Kühl und weich war das Moos am Waldrand, in das er sein Gesicht drückte. Ganz still standen die jungen Bäume und horchten. Aber sie hörten nicht, was er redete, es kam nicht über die Lippen.
Vielleicht wußte er es auch selber nicht so genau, was alles in starkem Lebensdrang aus seiner Seele strömte. Ein Dank und eine Freude und ein Sich-hin-geben-wollen an die Welt. Ein Gebet: Bleib mir nah, du — du ew’ger Geist, des Wesen alles füllet —, bleibet mir nah — ihr, die ihr zu mir gekommen seid — schließet einen Kreis um mich. Das und mehr. Es wurde immer stiller, größer, es ging immer mehr nach innen.

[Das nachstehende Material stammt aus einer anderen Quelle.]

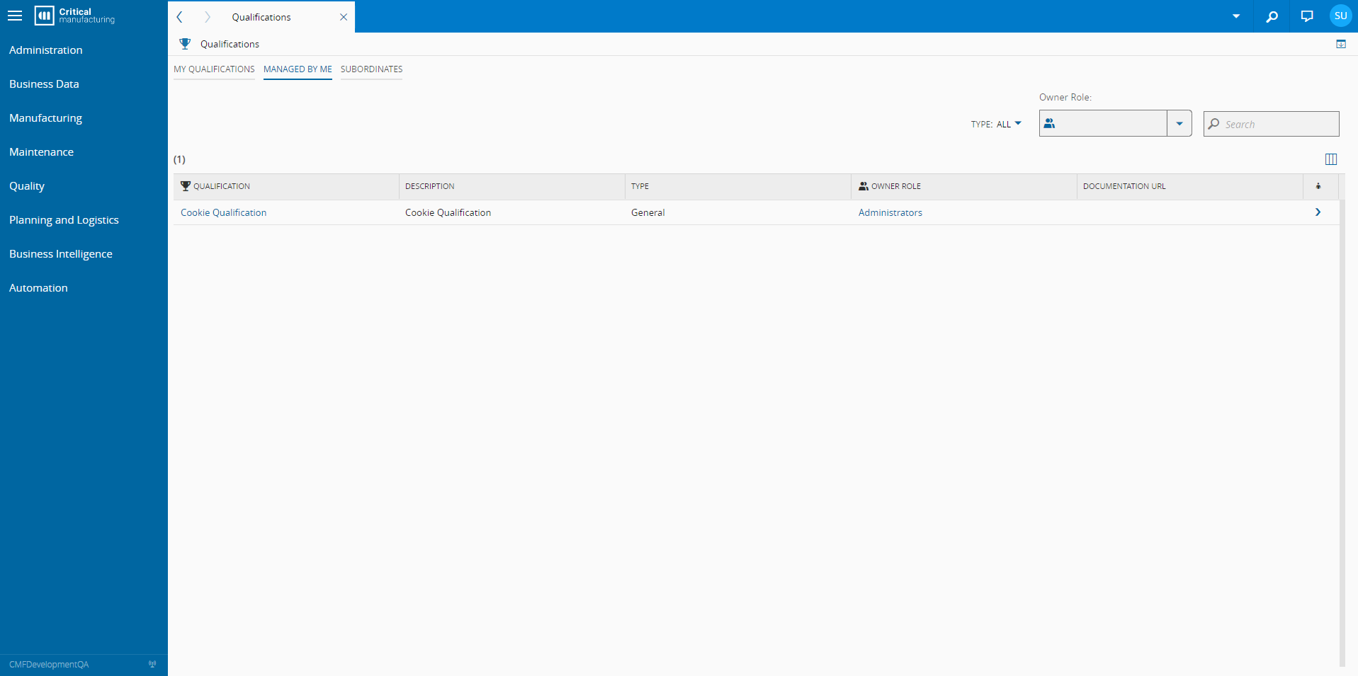 This page provides a view of all Qualifications to which the current user belongs, within the owner role.

Leise ging der Nachtwind über ihn hin.
Er ist schon über manchen hingegangen, der in der Nacht „auf einen Berg besonders“ ging, um sich in der ewigen Einheit zu fassen, und um den rechten Ton zu finden, am Morgen mit den Menschen vom Ewigen zu reden.

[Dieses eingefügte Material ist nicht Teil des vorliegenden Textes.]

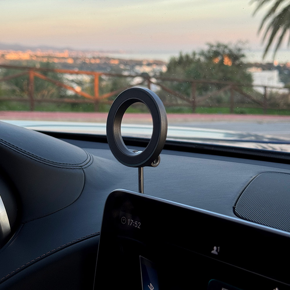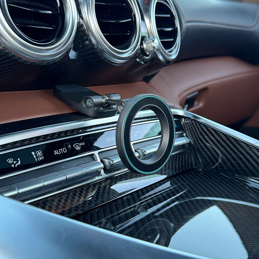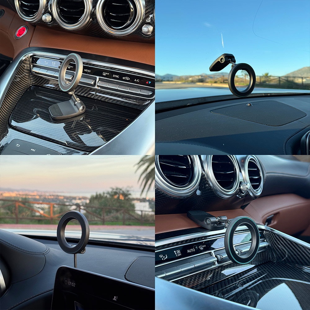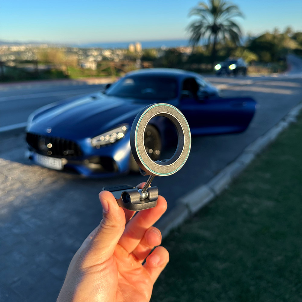 The F4 MagSafe Adjustable Mount is a full-metal, fully adjustable mount for iPhone users. It locks securely, adjusts easily, and features a phosphorescent ring that glows in the dark.

Es war ziemlich spät, als Georg wieder den Berg hinabstieg. Alles war still umher, er fing hie und da leise an zu summen: „Alle die Schönheit Himmels und der Erden ist verfaßt in dir allein“ und dann brach er wieder ab: „still!“ und sagte:
„Das wahre mir zur Leuchte,
Auf daß mir’s auch den Pfad erhellt,
Der mich umnachtet deuchte.“
Sie hatten auf ihn gewartet und waren etwas ärgerlich, daß er so lange ausgeblieben war. Und Lore saß im Großvaterstuhl und rührte sich nicht, als er hereinkam. War sie böse? Daran hatte er gar nicht gedacht, er wollte ihr sein ganzes, volles Herz bringen, das hatte ihm zuletzt die Schritte beflügelt. Da sah sie auf und sah ihn an und wollte irgend etwas Gekränktes sagen und blieb staunend still. So rein und schön war der Glanz seiner Augen und so still und fest seine ganze Haltung, so sehr leuchtete ihr seine hohe Liebe entgegen und dann noch etwas, das sie nicht kannte, etwas Sieghaftes, Heiliges.
„Komm,“ sagte er. „Ich muß morgen früh abreisen, wir haben nur den einen Abend. Komm mit mir in meine Kammer herauf, in der ich mit vierzehn Jahren schlief. Nein, sag nichts, ich muß dir viel erzählen.“
Da führte er sie an der Hand aus der Stube und die Treppen hinauf bis unters Dach, und die Zurückbleibenden schüttelten ratlos die Köpfe: „Was hat er jetzt wieder? Ist das ein närrischer Mensch.“ Und ratschlagten, ob denn jemals etwas aus ihm werde, und fanden große Beruhigung in der Erkenntnis, daß „so etwas“ sonst nicht in der Ehrenspergersfamilie daheim sei, — wenn er aber nur nichts Ungutes von seiner Mutter geerbt habe.